NCSC urges Brits to avoid most hacked passwords

NCSC cyber survey exposes gaps in online securityImage: NCSC cyber survey exposes gaps in online security. Photo: courtesy of joffi/Pixabay.

The UK National Cyber Security Centre (NCSC) revealed that a huge number of Brits use rather too simple passwords such as simple numbers or their favourite Premier League football team names among others that are highly prone to be hacked.

Through its first ever ‘UK cyber survey’, the agency found out that 42% of Brits are concerned of losing their money to online fraud. It claimed that less than half of the users do not always use a strong, separate password for their primary email account.

According to the agency’s survey, only 15% of users said that they know a great deal about how to guard themselves from harmful cyber activity.

The survey found that 89% use the internet for online purchases, with 39% of them making them on a weekly basis.

It was found that one in three users depends to some extent on friends and family for help regarding cyber security, while young users have been shown to be more probable to be privacy conscious and careful of what details they share through the internet.

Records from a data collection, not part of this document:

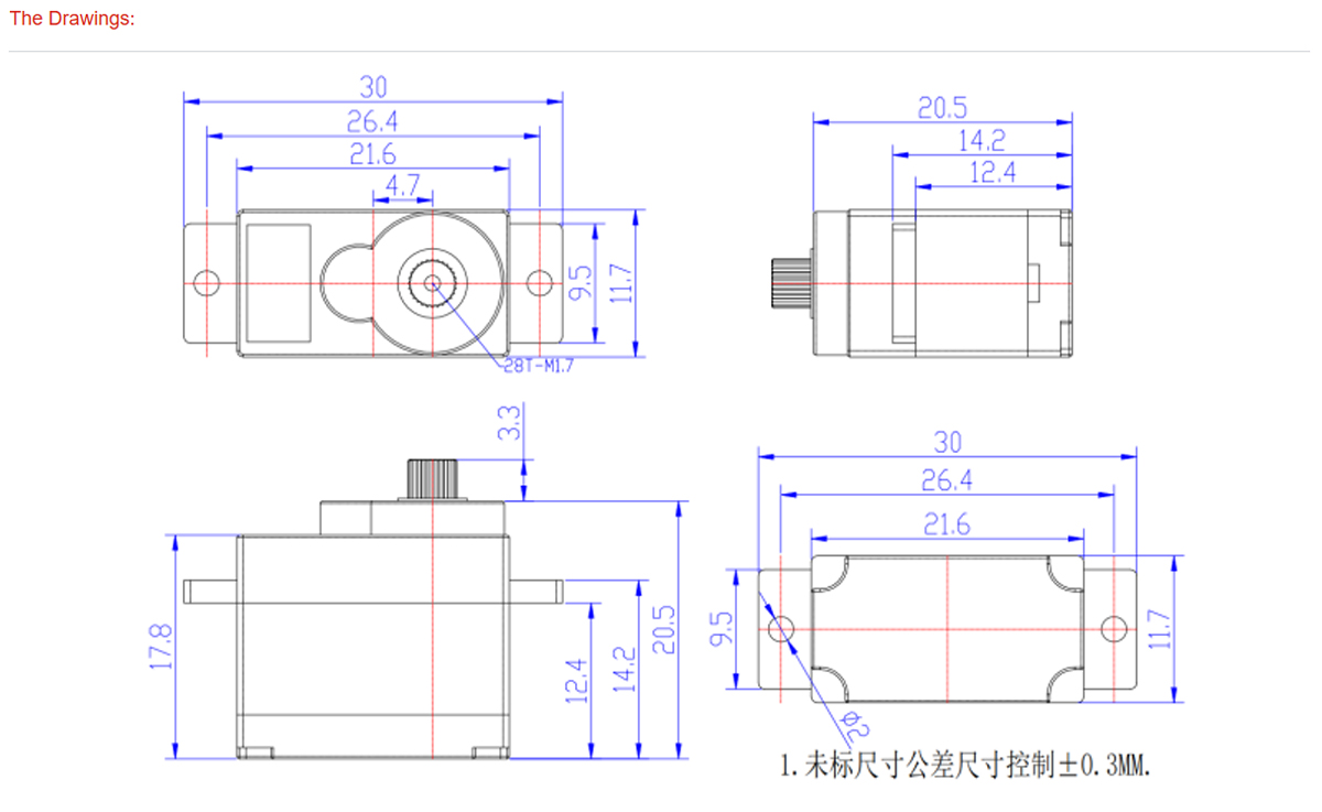 No Load Speed: 0.059sec/60°(170RPM)@6V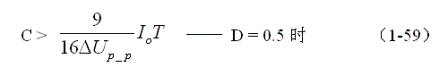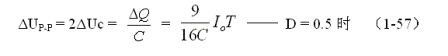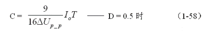 (1-58)和(1-59)式,就是計(jì)算并聯(lián)開(kāi)關(guān)電源儲(chǔ)能濾波電容的公式(D = 0.5時(shí))。式中:Io是流過(guò)負(fù)載電流的平均值,T為開(kāi)關(guān)工作周期,ΔUP-P為濾波輸出電壓的波紋,或電壓紋波。一般波紋電壓都是取電壓增量的峰-峰值,因此,當(dāng)D = 0.5時(shí),波紋電壓等于電容器充電的電壓增量,即:ΔUP-P = 2ΔUc 。
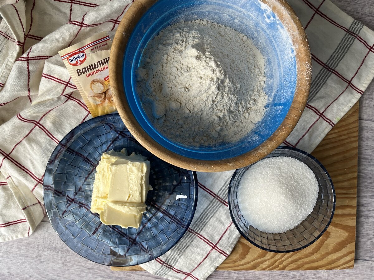 - по желанию можете добавить ваниль После подготовки ингридиентов Вам нужно их перемешать. Начинаем со сливочного масла (нужно,чтобы оно было мягкое, комнатной температуры) и добавляем к нему сахар. Можно перетереть сахар и масло с помощью венчика или миксера. Следующим шагом будет добавление просеянной муки и ванили.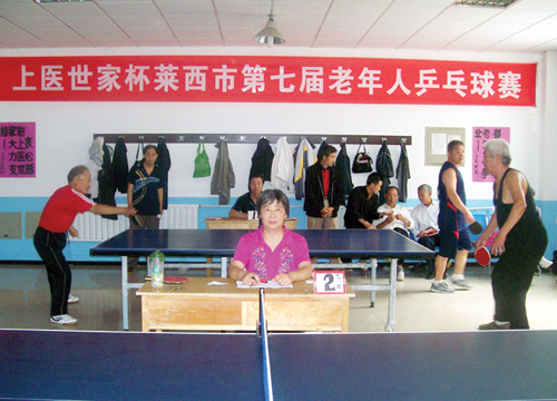 为了让老年朋友们以球会友,交流感情,享受快乐,增强体质,丰富老年人的业余文化生活,日前,为期两天的上医世家杯莱西市第七届老年人乒乓球赛在市老年体协成功举办。来自全市的100多名运动员参加男女单打项目的比赛。 (刘斌)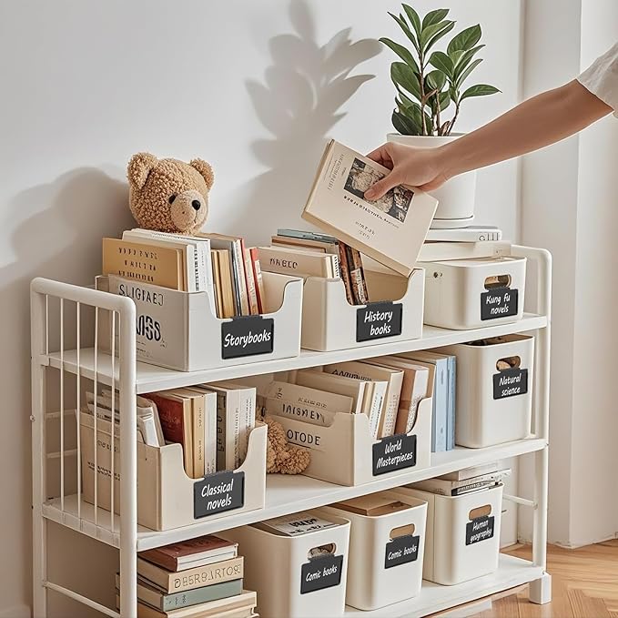 - HOME RUNNER for HOME ORGANIZATION: Our 8 PACK storage bins labels can be used in your Kitchen, Pantry, Laundry Room, closets and cabinets, etc. Clips onto MOST of storage bins and baskets, and boxes. When your home and life are more organized, it creates more time for the people and activities you love the most!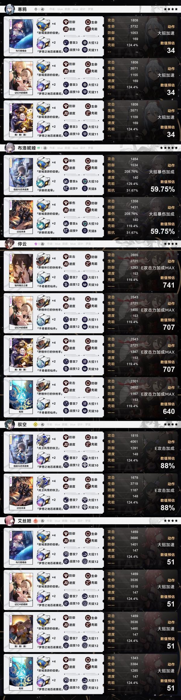 套装直接信使4,内圈辅助银枝时带梦想2,作为泛用辅助时带仙舟龙骨都可以。

NCSC said that 61% of internet users track social media daily. However, 21% of the users said that they never look at social media.

In the survey, the agency came to know that 70% of the users always use PINs and passwords for their smart phones and tablets.

NCSC believes that the results of the UK Cyber Survey showed exploitable gaps in the personal security knowledge of the users.

For instance, the agency said that breach analysis found that 23.2 million victim accounts across the world had 123456 as their passwords.

Having published the global password risk list to reveal passwords already known to hackers, NCSC has urged Brits to undertake measures to stay safe online.

NCSC Technical Director Dr Ian Levy said: “We understand that cyber security can feel daunting to a lot of people, but the NCSC has published lots of easily applicable advice to make you much less vulnerable.

“Password re-use is a major risk that can be avoided – nobody should protect sensitive data with something that can be guessed, like their first name, local football team or favourite band.

“Using hard-to-guess passwords is a strong first step and we recommend combining three random but memorable words. Be creative and use words memorable to you, so people can’t guess your password.”